***** Data listing

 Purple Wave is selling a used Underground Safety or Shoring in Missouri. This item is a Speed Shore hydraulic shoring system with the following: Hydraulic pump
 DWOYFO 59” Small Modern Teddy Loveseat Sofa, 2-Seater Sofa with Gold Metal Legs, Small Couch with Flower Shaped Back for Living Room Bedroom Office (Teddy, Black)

**********
***** Data listing

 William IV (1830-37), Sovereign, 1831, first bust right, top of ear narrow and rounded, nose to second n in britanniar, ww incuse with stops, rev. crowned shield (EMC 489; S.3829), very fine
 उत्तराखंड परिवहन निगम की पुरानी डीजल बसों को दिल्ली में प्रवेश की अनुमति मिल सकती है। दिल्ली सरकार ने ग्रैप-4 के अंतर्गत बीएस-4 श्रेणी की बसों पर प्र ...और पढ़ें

**********
***** Data listing

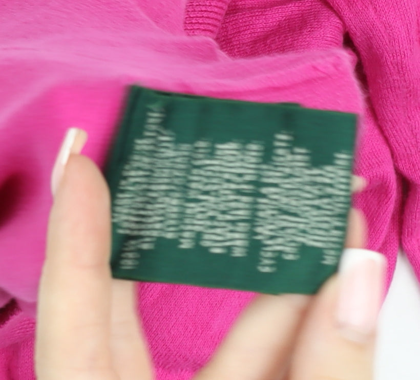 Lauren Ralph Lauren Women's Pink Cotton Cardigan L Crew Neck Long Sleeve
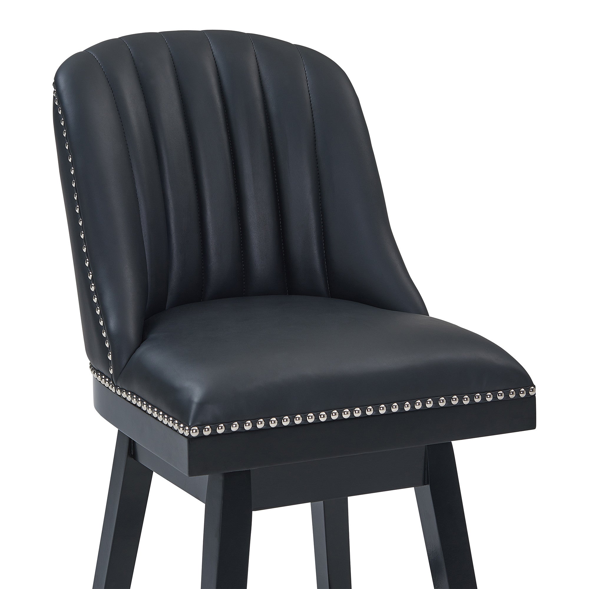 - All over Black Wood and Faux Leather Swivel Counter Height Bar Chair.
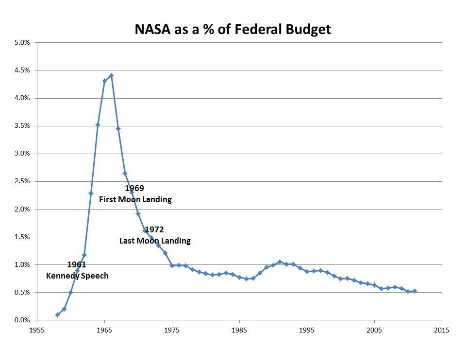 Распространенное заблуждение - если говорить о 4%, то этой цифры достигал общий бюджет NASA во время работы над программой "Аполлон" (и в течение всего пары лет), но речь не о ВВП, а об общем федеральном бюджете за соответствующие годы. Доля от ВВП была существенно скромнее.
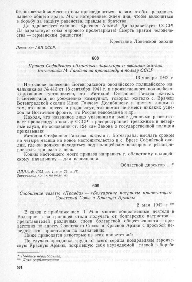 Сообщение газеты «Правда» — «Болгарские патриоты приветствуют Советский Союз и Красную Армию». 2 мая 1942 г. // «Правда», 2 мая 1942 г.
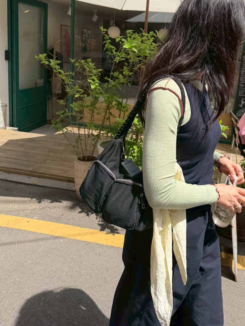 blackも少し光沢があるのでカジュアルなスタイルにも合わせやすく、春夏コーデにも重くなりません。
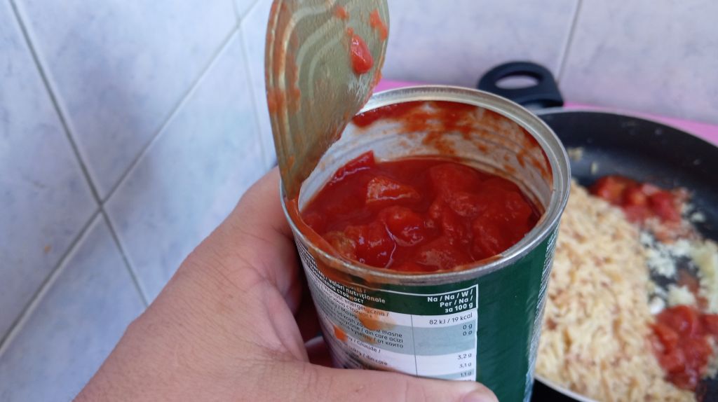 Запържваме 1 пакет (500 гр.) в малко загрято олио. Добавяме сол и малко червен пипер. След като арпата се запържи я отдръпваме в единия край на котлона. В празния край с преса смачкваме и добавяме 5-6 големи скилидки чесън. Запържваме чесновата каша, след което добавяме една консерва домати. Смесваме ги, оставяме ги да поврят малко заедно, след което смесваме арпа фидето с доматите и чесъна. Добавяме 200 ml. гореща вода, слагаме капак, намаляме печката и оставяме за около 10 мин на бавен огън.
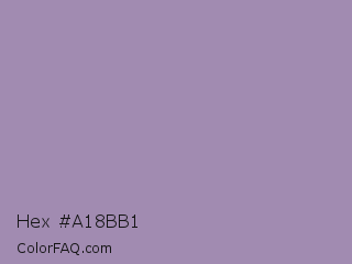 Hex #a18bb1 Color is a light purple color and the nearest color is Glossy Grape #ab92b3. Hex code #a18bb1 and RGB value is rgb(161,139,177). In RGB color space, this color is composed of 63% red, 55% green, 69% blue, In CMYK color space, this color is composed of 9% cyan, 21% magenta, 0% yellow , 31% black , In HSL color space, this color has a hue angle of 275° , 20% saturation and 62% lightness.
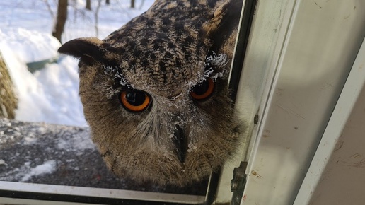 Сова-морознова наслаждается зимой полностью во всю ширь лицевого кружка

**********

Activity
Look over the material above and show each line where "with" appears.

Written reply
 Purple Wave is selling a used Underground Safety or Shoring in Missouri. This item is a Speed Shore hydraulic shoring system with the following: Hydraulic pump
 DWOYFO 59” Small Modern Teddy Loveseat Sofa, 2-Seater Sofa with Gold Metal Legs, Small Couch with Flower Shaped Back for Living Room Bedroom Office (Teddy, Black)
 William IV (1830-37), Sovereign, 1831, first bust right, top of ear narrow and rounded, nose to second n in britanniar, ww incuse with stops, rev. crowned shield (EMC 489; S.3829), very fine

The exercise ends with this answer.